[MATERIALS PROVIDED Boundary: Start]

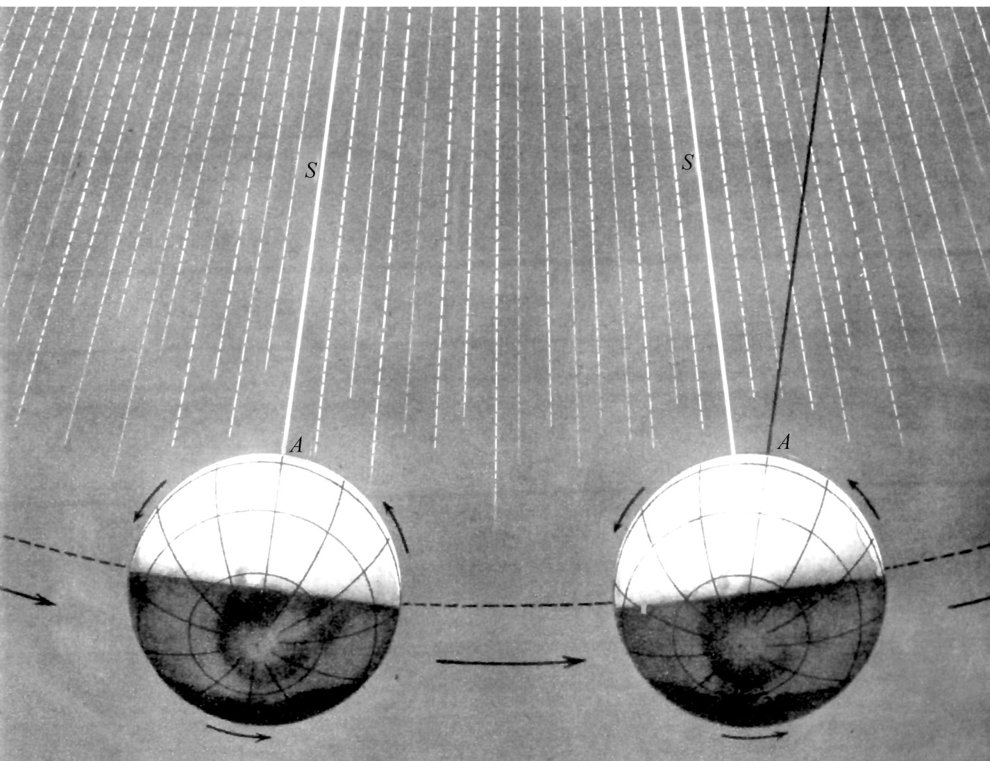 只要我们想到地球不但绕着自己的轴转动,而且绕着太阳在运行,那么地球自转的周期和太阳日的长短两者之间的差异就很容易解释了。设想在某一定时间地球在某一个位置上,它沿着一个轨道由左至右(图18)在一年内绕太阳转一周,同时,它又绕着自身沿箭头所指的方向一天转一周。设想在正午地A(左球)正面对着太阳,第二天当地球恰好转了一周,它却到了右边那个位置,过A点的子午圈又来到恰在前一天的那个位置。但是地球的公转使它向右移,在地面上看去太阳似乎向左退后了,因此要使A点再来到太阳面前,使A点再处在正午,就需要使地球绕着自身再转3分56秒,这在一年内每天都是这样的。因此太阳日(或称
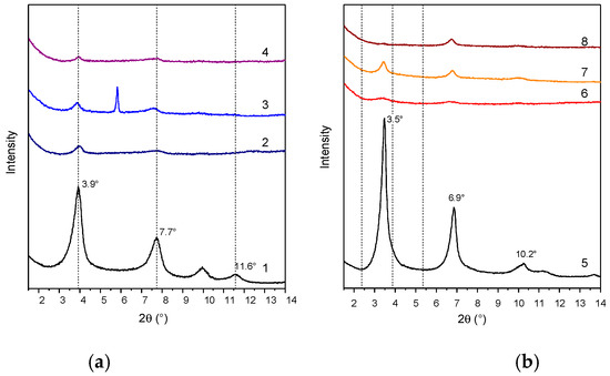 XRD patterns of LDH-RA (1), PLA/LDH-RA (2), PBS/LDH-RA (3), and PLA/PBS/LDH-RA (4) (a) and LDH-DS/RA (5), PLA/LDH-DS/RA (6), PBS/LDH-DS/RA (7), and PLA/PBS/LDH-DS/RA (8) (b). The signal at 5.8° (2θ) in the XRD pattern of PBS/LDH-RA (3) is due to the presence of impurity.
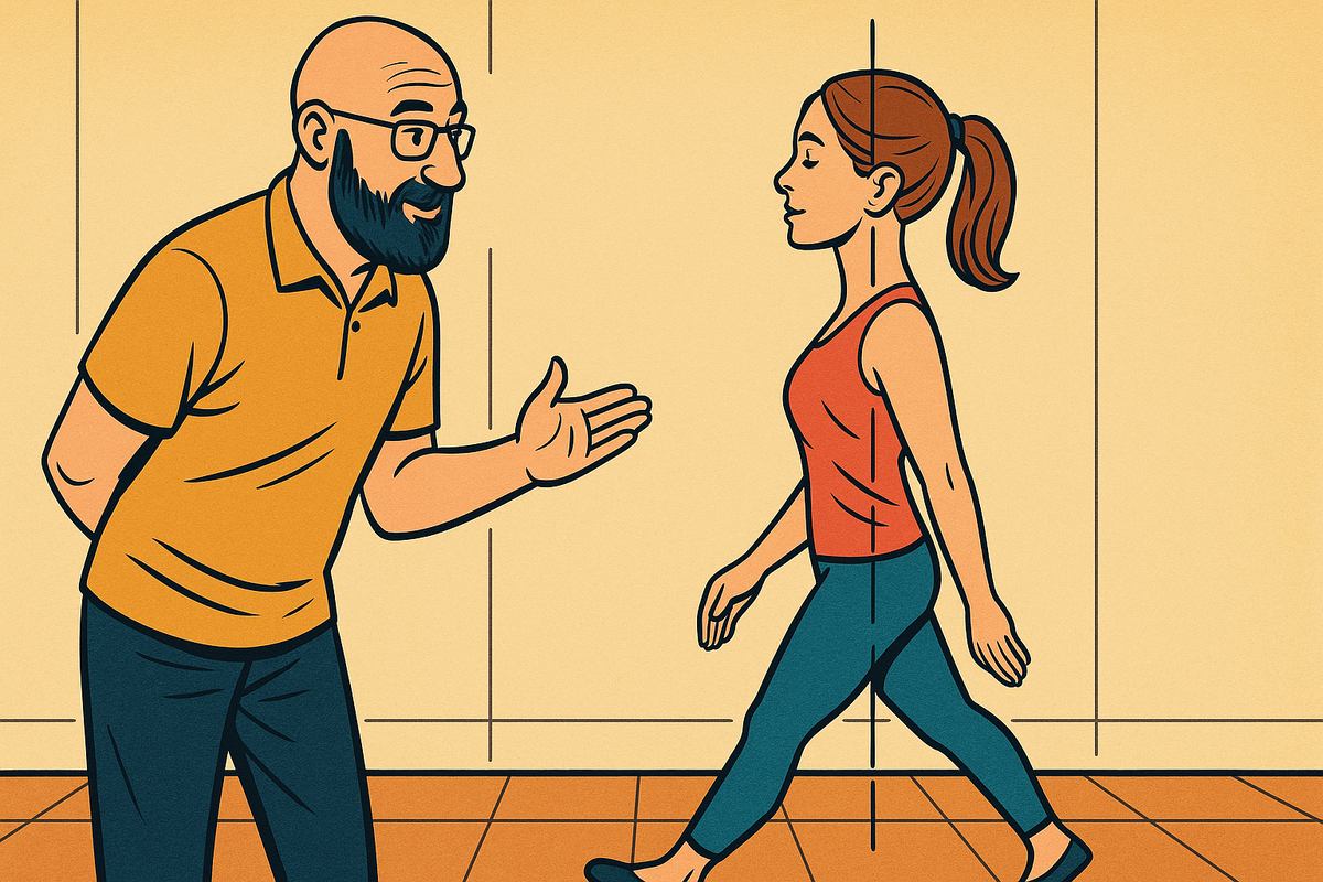 Встаньте у стены и представьте невидимый стержень, тянущий макушку вверх. Совет от Сатьи: «Осанка — это язык тела без слов. Пусть он говорит за вас». 🔸 Шаг 2. «Привлекательная походка»
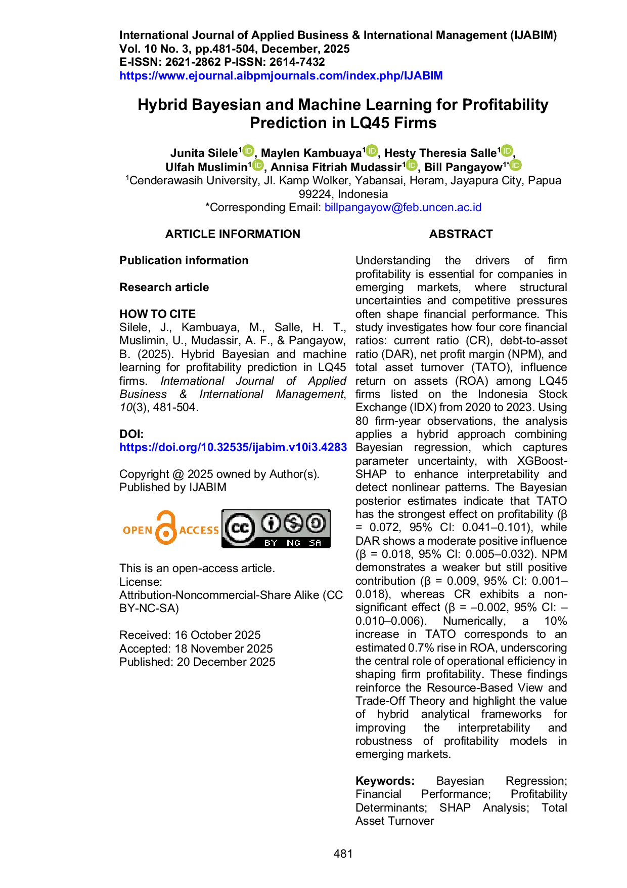 International Journal of Applied Business and International ManagementInternational Journal of Applied Business and International ManagementPemahaman tentang profitabilitas perusahaan sangat penting bagi perusahaan di pasar berkembang, di mana ketidakpastian struktural dan tekanan kompetitif sering menentukan kinerja keuangan. Penelitian ini mengkaji bagaimana empat rasio keuangan utama, yaitu current ratio (CR), debt‑to‑asset ratio (DAR), net profit margin (NPM), dan total asset turnover (TATO), mempengaruhi return on assets (ROA) pada perusahaan LQ45 Bursa Efek Indonesia (IDX) selama periode 2020‑2023. Dengan menggunakan 80 observasi firm‑year, analisis mengaplikasikan pendekatan hibrida yang menggabungkan regresi Bayesian untuk menangkap ketidakpastian parameter dan XGBoost‑SHAP untuk meningkatkan interpretabilitas serta mendeteksi pola non‑linier. Hasil posterior Bayesian menunjukkan bahwa TATO memiliki pengaruh paling kuat terhadap profitabilitas (β = 0,072, 95% CI: 0,041–0,101), sementara DAR memberikan pengaruh positif sedang (β = 0,018, 95% CI: 0,005–0,032). NPM memberikan kontribusi positif yang lebih lemah (β = 0,009, 95% CI: 0,001–0,018), dan CR tidak signifikan (β = –0,002, 95% CI: –0,010–0,006). Secara numerik, peningkatan 10% pada TATO diperkirakan meningkatkan ROA sebesar 0,7%, menegaskan peran sentral efisiensi operasional dalam membentuk profitabilitas perusahaan. Temuan ini memperkuat Resource‑Based View dan Trade‑Off Theory serta menyoroti nilai pendekatan hibrida dalam meningkatkan ketangguhan model profitabilitas di pasar berkembang.
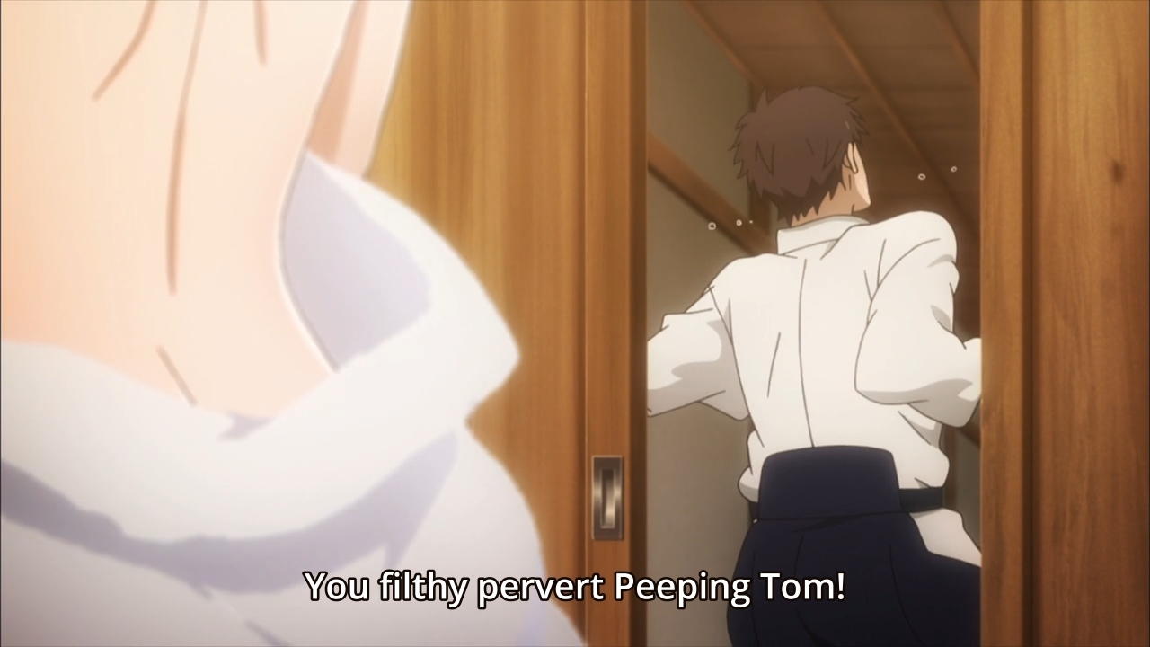 — Afterwards, we get shots of Jumanji and Mikihiko briefly training. Then Mizuki gives Mikihiko some onigiri. They then blush because their hands briefly touched. She gets so embarrassed, she tries to run away. She trips, however, so he catches her… BY THE BOOBS. And that’s how the episode ends. That’s how the 21st episode ends. Chinese badmen in the country? Fuck that, gimme a handful of tits instead!
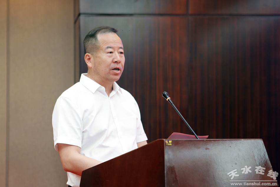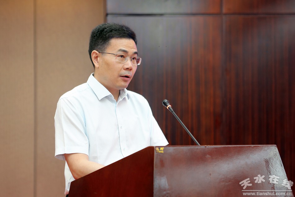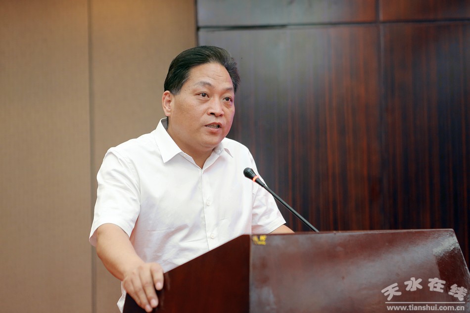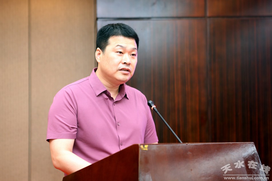 (甘肅(天水)國際陸港管理委員會黨工委書記、主任趙曉東主持簽約儀式。)
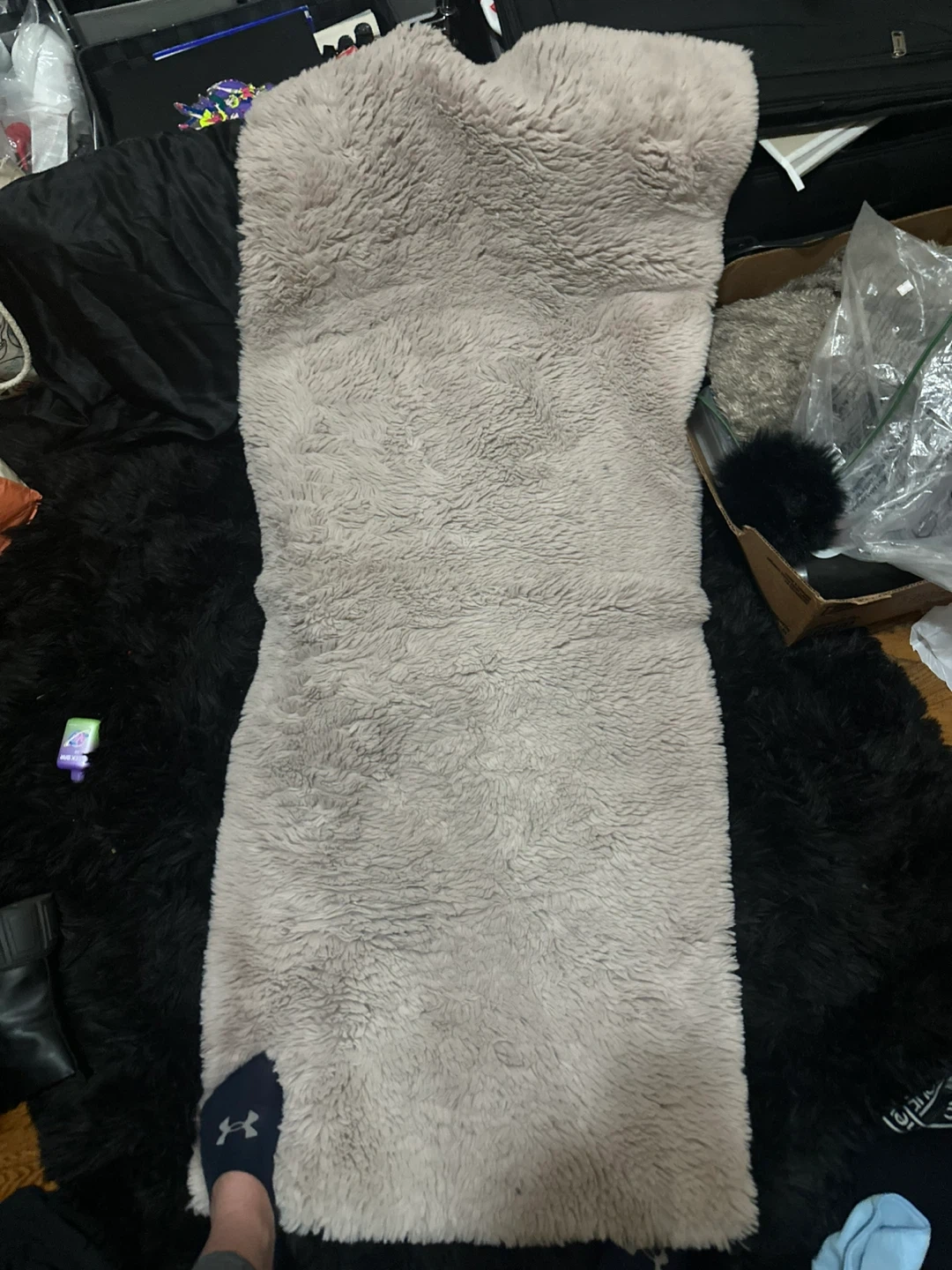 Selling a fuzzy rug. It has a light grey color and a soft texture. Perfect for adding a cozy touch to any room u can’t tell in the picture but it mauve pink
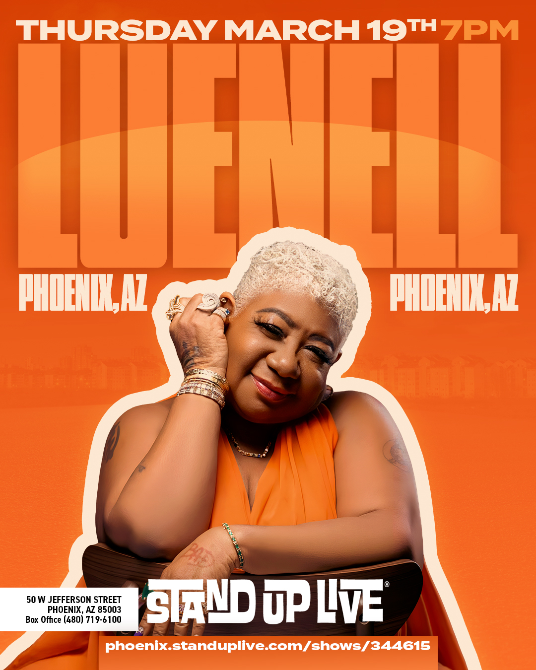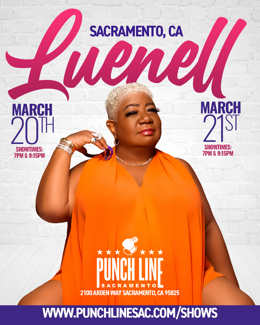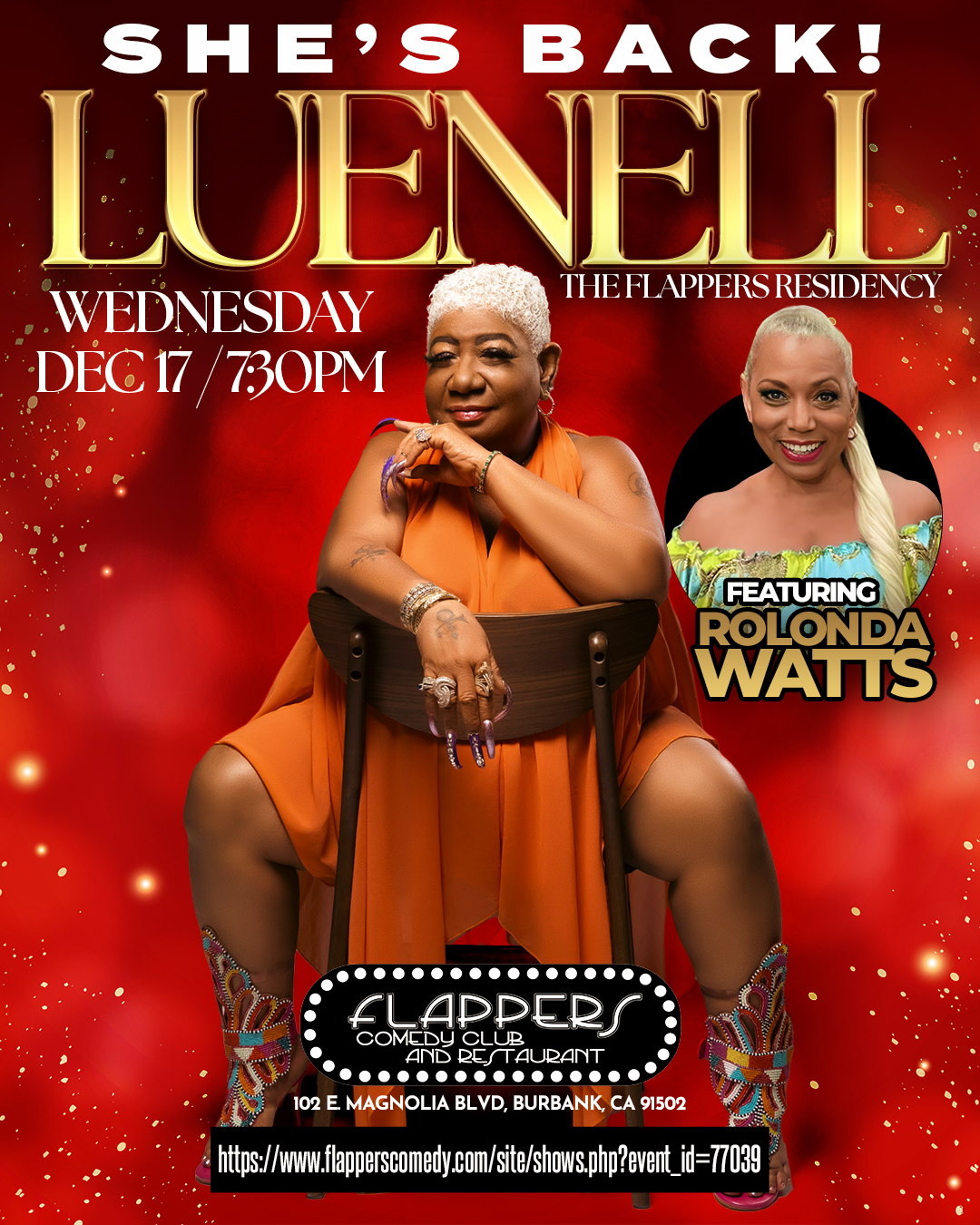 Luenell is the “Original Bad Girl of Comedy.” She may be small in stature, but she more than makes up for it with her big personality, booming voice and infectious laughter. Born in Tollette, Arkansas and raised in Oakland, Calif., Luenell, has been thrilling audiences with her brand of comedy for more than 30 years..”

[MATERIALS PROVIDED Boundary: End]

DIRECTIONS: Exactly as written, print each entry, leaving all pictures out.

SOLUTION TO THIS TASK:
 只要我们想到地球不但绕着自己的轴转动,而且绕着太阳在运行,那么地球自转的周期和太阳日的长短两者之间的差异就很容易解释了。设想在某一定时间地球在某一个位置上,它沿着一个轨道由左至右(图18)在一年内绕太阳转一周,同时,它又绕着自身沿箭头所指的方向一天转一周。设想在正午地A(左球)正面对着太阳,第二天当地球恰好转了一周,它却到了右边那个位置,过A点的子午圈又来到恰在前一天的那个位置。但是地球的公转使它向右移,在地面上看去太阳似乎向左退后了,因此要使A点再来到太阳面前,使A点再处在正午,就需要使地球绕着自身再转3分56秒,这在一年内每天都是这样的。因此太阳日(或称
 XRD patterns of LDH-RA (1), PLA/LDH-RA (2), PBS/LDH-RA (3), and PLA/PBS/LDH-RA (4) (a) and LDH-DS/RA (5), PLA/LDH-DS/RA (6), PBS/LDH-DS/RA (7), and PLA/PBS/LDH-DS/RA (8) (b). The signal at 5.8° (2θ) in the XRD pattern of PBS/LDH-RA (3) is due to the presence of impurity.
 Встаньте у стены и представьте невидимый стержень, тянущий макушку вверх. Совет от Сатьи: «Осанка — это язык тела без слов. Пусть он говорит за вас». 🔸 Шаг 2. «Привлекательная походка»
 International Journal of Applied Business and International ManagementInternational Journal of Applied Business and International ManagementPemahaman tentang profitabilitas perusahaan sangat penting bagi perusahaan di pasar berkembang, di mana ketidakpastian struktural dan tekanan kompetitif sering menentukan kinerja keuangan. Penelitian ini mengkaji bagaimana empat rasio keuangan utama, yaitu current ratio (CR), debt‑to‑asset ratio (DAR), net profit margin (NPM), dan total asset turnover (TATO), mempengaruhi return on assets (ROA) pada perusahaan LQ45 Bursa Efek Indonesia (IDX) selama periode 2020‑2023. Dengan menggunakan 80 observasi firm‑year, analisis mengaplikasikan pendekatan hibrida yang menggabungkan regresi Bayesian untuk menangkap ketidakpastian parameter dan XGBoost‑SHAP untuk meningkatkan interpretabilitas serta mendeteksi pola non‑linier. Hasil posterior Bayesian menunjukkan bahwa TATO memiliki pengaruh paling kuat terhadap profitabilitas (β = 0,072, 95% CI: 0,041–0,101), sementara DAR memberikan pengaruh positif sedang (β = 0,018, 95% CI: 0,005–0,032). NPM memberikan kontribusi positif yang lebih lemah (β = 0,009, 95% CI: 0,001–0,018), dan CR tidak signifikan (β = –0,002, 95% CI: –0,010–0,006). Secara numerik, peningkatan 10% pada TATO diperkirakan meningkatkan ROA sebesar 0,7%, menegaskan peran sentral efisiensi operasional dalam membentuk profitabilitas perusahaan. Temuan ini memperkuat Resource‑Based View dan Trade‑Off Theory serta menyoroti nilai pendekatan hibrida dalam meningkatkan ketangguhan model profitabilitas di pasar berkembang.
 — Afterwards, we get shots of Jumanji and Mikihiko briefly training. Then Mizuki gives Mikihiko some onigiri. They then blush because their hands briefly touched. She gets so embarrassed, she tries to run away. She trips, however, so he catches her… BY THE BOOBS. And that’s how the episode ends. That’s how the 21st episode ends. Chinese badmen in the country? Fuck that, gimme a handful of tits instead!
 (甘肅(天水)國際陸港管理委員會黨工委書記、主任趙曉東主持簽約儀式。)
 Selling a fuzzy rug. It has a light grey color and a soft texture. Perfect for adding a cozy touch to any room u can’t tell in the picture but it mauve pink
 Luenell is the “Original Bad Girl of Comedy.” She may be small in stature, but she more than makes up for it with her big personality, booming voice and infectious laughter. Born in Tollette, Arkansas and raised in Oakland, Calif., Luenell, has been thrilling audiences with her brand of comedy for more than 30 years..”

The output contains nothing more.